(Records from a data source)
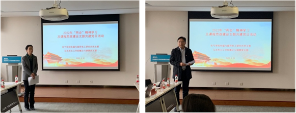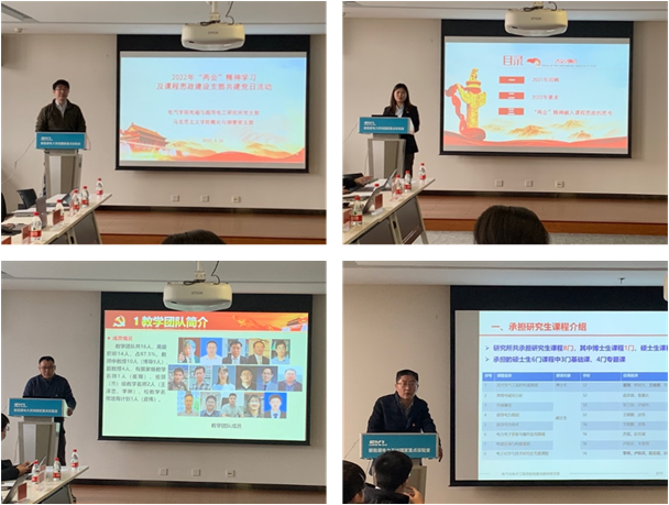 概论与纲要党支部骆小平、电磁与超导电工研究所副所长皮伟以及电磁与超导电工研究所所长赵志斌分别介绍了各自支部情况、本科生、研究生课程概况及课程思政情况。其中骆小平分享了2022年“两会”精神学习及融入课程思政探讨。希望通过领悟两会精神,结合中国特色社会主义的伟大实践,深入挖掘课程相关内容,寻求合理切入路径。
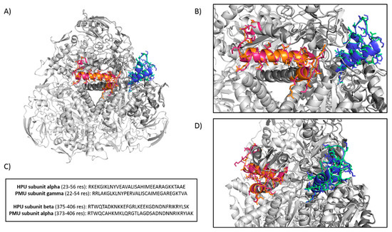 Nuclear localization sequences in P. mirabilis (PMU) and H. pylori (HPU) ureases. Panels (A–D) show the nuclear localization sequences (NSL) in P. mirabilis and H. pylori ureases. Panel (A) illustrates the 3D cartoon models of P. mirabilis urease in its (γβα)3 oligomer (light gray) superimposed to H. pylori urease in its (αβ)3 form (dark gray). The NLSs in PMU are pictured in orange (positions 22–54) and green (positions 575–608) and in HPU, they are shown in pink (positions 21–56) and blue (positions 613–646). The sequences corresponding to the NLS are presented in panel (C). Closer views of the two bipartite NLSs present in HPU and PMU are seen in Panels (B,D) (90 degree turn). Images were built with PyMOL.
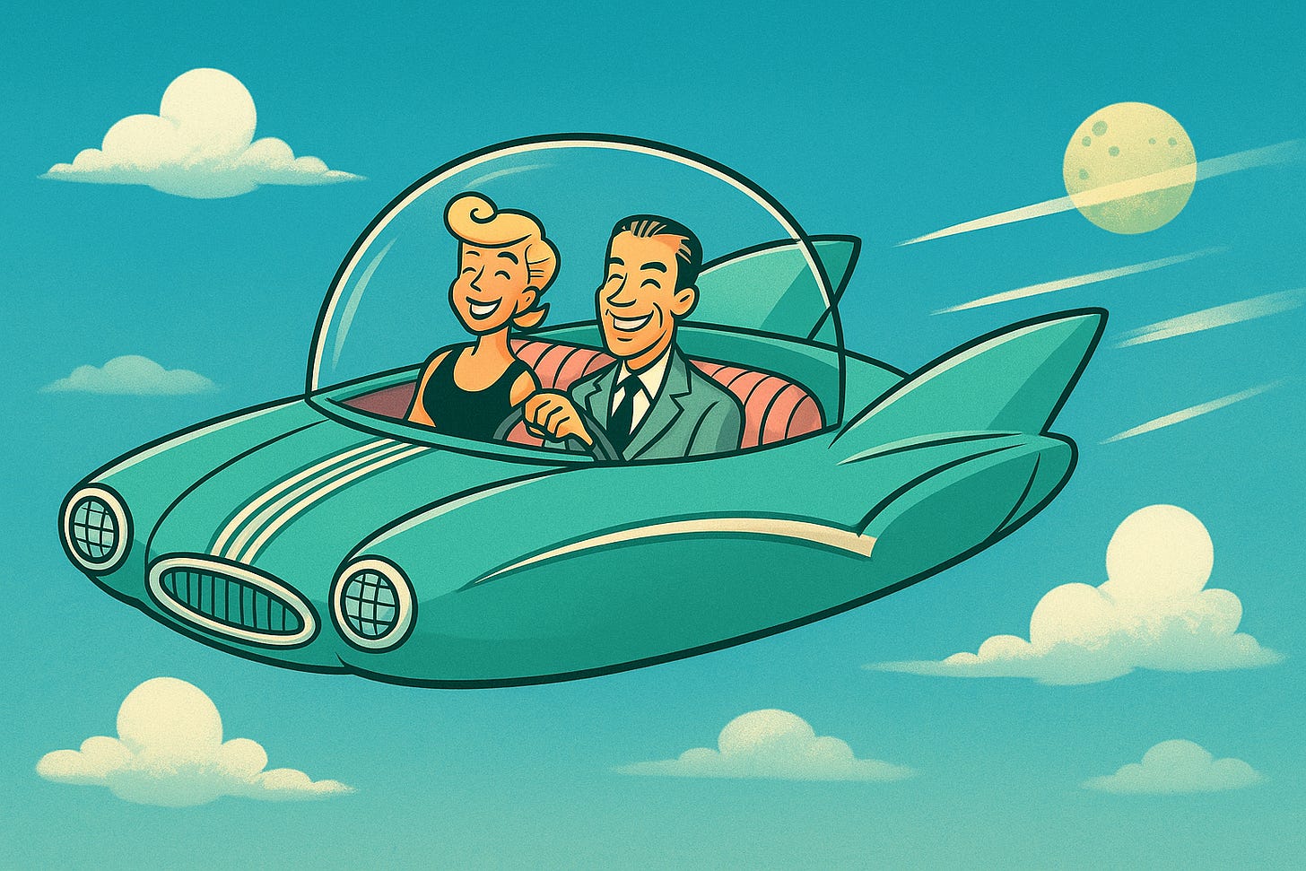 Because those of us who remember what the future was supposed to be—are grieving what was stolen. I used to joke with my spouse, “Where are my flying cars?” But the joke wore thin. We’re here now, a quarter of the way into the century, and it feels more like 1935 than 2035.
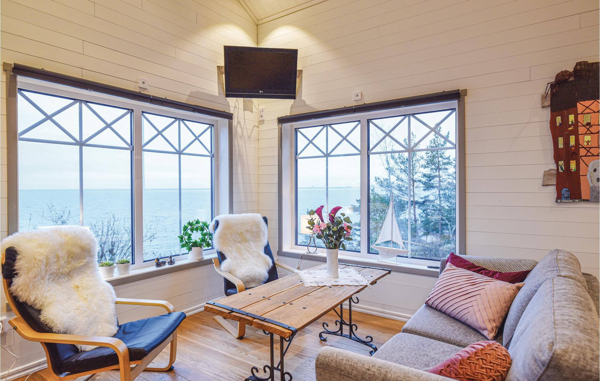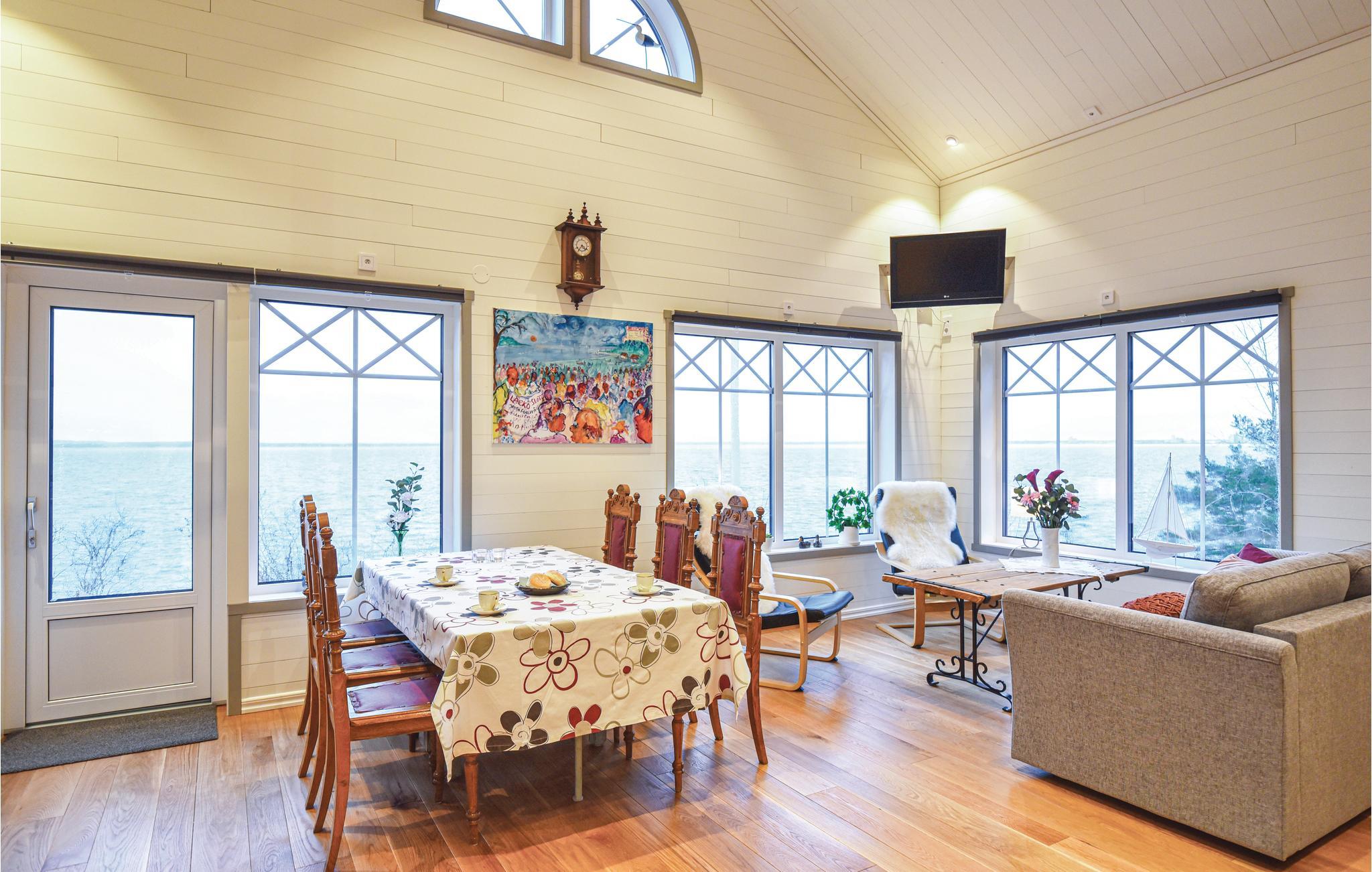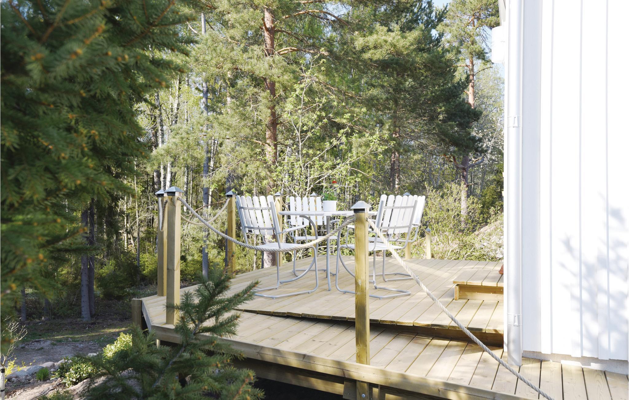 Tag familie eller venner med på en fantastisk ferie her, midt mellem skov, klipper og vand. Træd ind i det lyse og velindrettede køkkenalrum og lad roen sænke sig over jer. Her er højt til loftet og en smuk udsigt til vandet. Nyd morgenkaffen på terrassen, og lad jer indhylle i den storslåede natur omkring jer. Senere kan I samles og lækre grillmiddage og nyde de lyse sommeraftener, mens I venter på at stjernerne dukker op på himlen. Efter en aktiv dag vil det være oplagt med en tur i vildmarksbadet, hvor I kan nyde en kold forfriskning og udsigten over søen. Sten- og klippegrunden skråner mod søen.
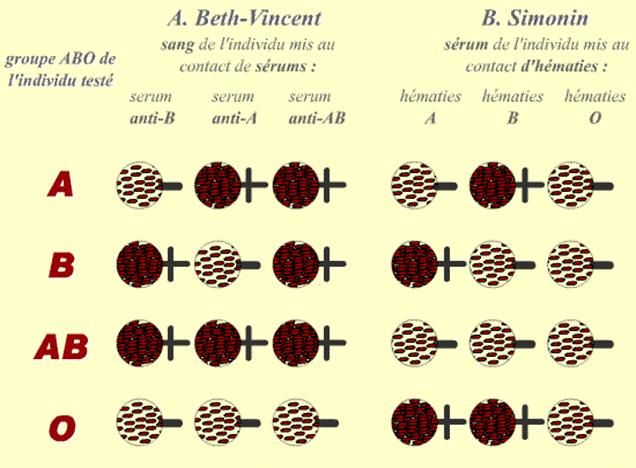 Combinatia dintre cele doua antigene A si B cu aglutininele anti-A si anti-B defineste grupele sangvine in cadrul sistemului ABO.
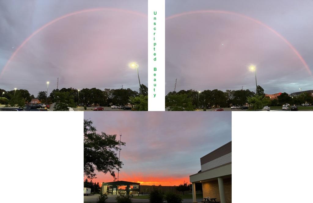 ’twas a pleasant and very unexpected surprise π as there were barely a few raindrops on the car windshield during my drive and when I parked. I set about trying to capture the glory of the moment. Couple of pictures of the rainbow and then I ran around to take picture of the other side of the sky. I was greeted by the bright orange of the setting Sun! π
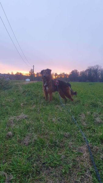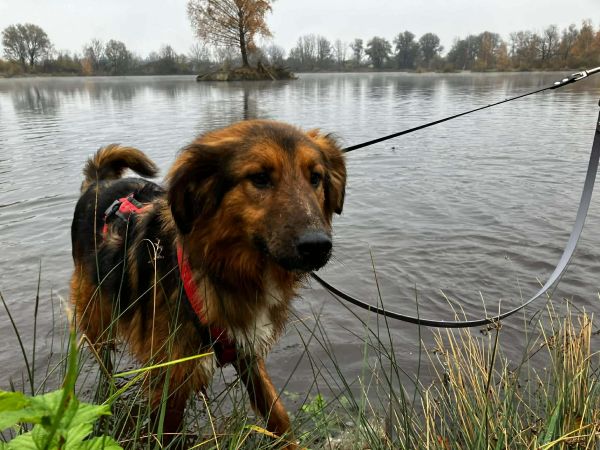 Er geht gerne Gassi, auch längere Runden bereiten ihm große Freude, ebenso wie Waten durch Wassergräben und Bäche, nicht nur im Sommer. Er läuft schon gut an der Leine, ist draußen entspannt und wenig schreckhaft. Gerne erkundet er neue Umgebungen und ist sehr neugierig. Hundebegegnungen sind dabei für ihn kein Problem, er ist freundlich und vorsichtig interessiert.
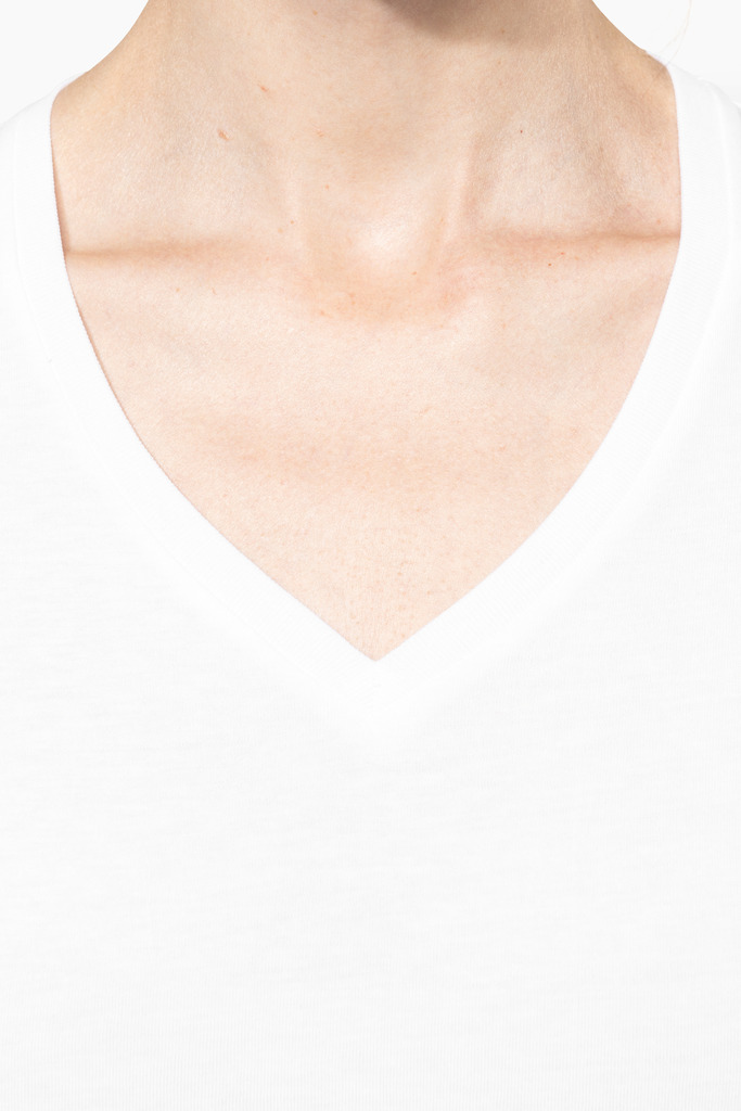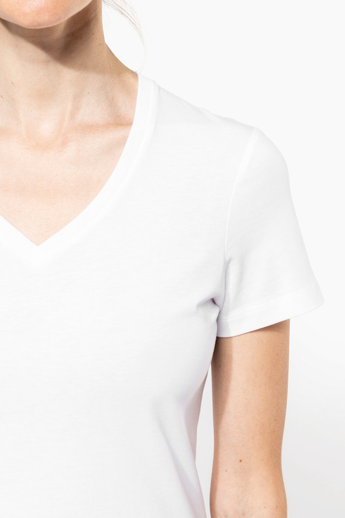 100% algodão. Malha em algodão penteado Supima®. Tecido jersey delicado e de grande qualidade com um toque suave e sedoso. Confecção corte e cose. Decote V com tapa costuras tom sobre tom. Reforço da costura dos ombros com banda de silicone. Acabamento da manga e da bainha com costura dupla. Sem etiqueta de marca no decote, contém apenas etiqueta com indicação de tamanho para facilitar a personalização.
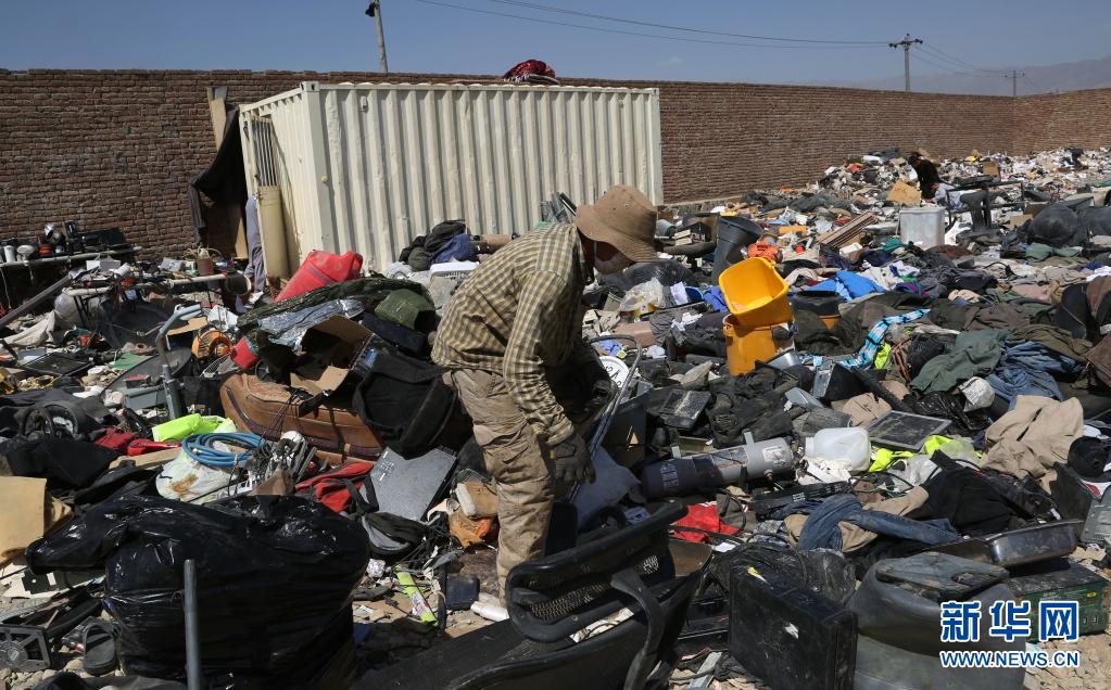 7月3日,在阿富汗帕爾萬(wàn)省的巴格拉姆空軍基地附近,當(dāng)?shù)鼐用裨诿儡娺z留下的物品中回收廢舊物。

TRY IT: Print all of the entries word for word. Omit the pictures they contain.

RESPONSE TO THE TASK:
 概论与纲要党支部骆小平、电磁与超导电工研究所副所长皮伟以及电磁与超导电工研究所所长赵志斌分别介绍了各自支部情况、本科生、研究生课程概况及课程思政情况。其中骆小平分享了2022年“两会”精神学习及融入课程思政探讨。希望通过领悟两会精神,结合中国特色社会主义的伟大实践,深入挖掘课程相关内容,寻求合理切入路径。
 Nuclear localization sequences in P. mirabilis (PMU) and H. pylori (HPU) ureases. Panels (A–D) show the nuclear localization sequences (NSL) in P. mirabilis and H. pylori ureases. Panel (A) illustrates the 3D cartoon models of P. mirabilis urease in its (γβα)3 oligomer (light gray) superimposed to H. pylori urease in its (αβ)3 form (dark gray). The NLSs in PMU are pictured in orange (positions 22–54) and green (positions 575–608) and in HPU, they are shown in pink (positions 21–56) and blue (positions 613–646). The sequences corresponding to the NLS are presented in panel (C). Closer views of the two bipartite NLSs present in HPU and PMU are seen in Panels (B,D) (90 degree turn). Images were built with PyMOL.
 Because those of us who remember what the future was supposed to be—are grieving what was stolen. I used to joke with my spouse, “Where are my flying cars?” But the joke wore thin. We’re here now, a quarter of the way into the century, and it feels more like 1935 than 2035.
 Tag familie eller venner med på en fantastisk ferie her, midt mellem skov, klipper og vand. Træd ind i det lyse og velindrettede køkkenalrum og lad roen sænke sig over jer. Her er højt til loftet og en smuk udsigt til vandet. Nyd morgenkaffen på terrassen, og lad jer indhylle i den storslåede natur omkring jer. Senere kan I samles og lækre grillmiddage og nyde de lyse sommeraftener, mens I venter på at stjernerne dukker op på himlen. Efter en aktiv dag vil det være oplagt med en tur i vildmarksbadet, hvor I kan nyde en kold forfriskning og udsigten over søen. Sten- og klippegrunden skråner mod søen.
 Combinatia dintre cele doua antigene A si B cu aglutininele anti-A si anti-B defineste grupele sangvine in cadrul sistemului ABO.
 ’twas a pleasant and very unexpected surprise π as there were barely a few raindrops on the car windshield during my drive and when I parked. I set about trying to capture the glory of the moment. Couple of pictures of the rainbow and then I ran around to take picture of the other side of the sky. I was greeted by the bright orange of the setting Sun! π
 Er geht gerne Gassi, auch längere Runden bereiten ihm große Freude, ebenso wie Waten durch Wassergräben und Bäche, nicht nur im Sommer. Er läuft schon gut an der Leine, ist draußen entspannt und wenig schreckhaft. Gerne erkundet er neue Umgebungen und ist sehr neugierig. Hundebegegnungen sind dabei für ihn kein Problem, er ist freundlich und vorsichtig interessiert.
 100% algodão. Malha em algodão penteado Supima®. Tecido jersey delicado e de grande qualidade com um toque suave e sedoso. Confecção corte e cose. Decote V com tapa costuras tom sobre tom. Reforço da costura dos ombros com banda de silicone. Acabamento da manga e da bainha com costura dupla. Sem etiqueta de marca no decote, contém apenas etiqueta com indicação de tamanho para facilitar a personalização.
 7月3日,在阿富汗帕爾萬(wàn)省的巴格拉姆空軍基地附近,當(dāng)?shù)鼐用裨诿儡娺z留下的物品中回收廢舊物。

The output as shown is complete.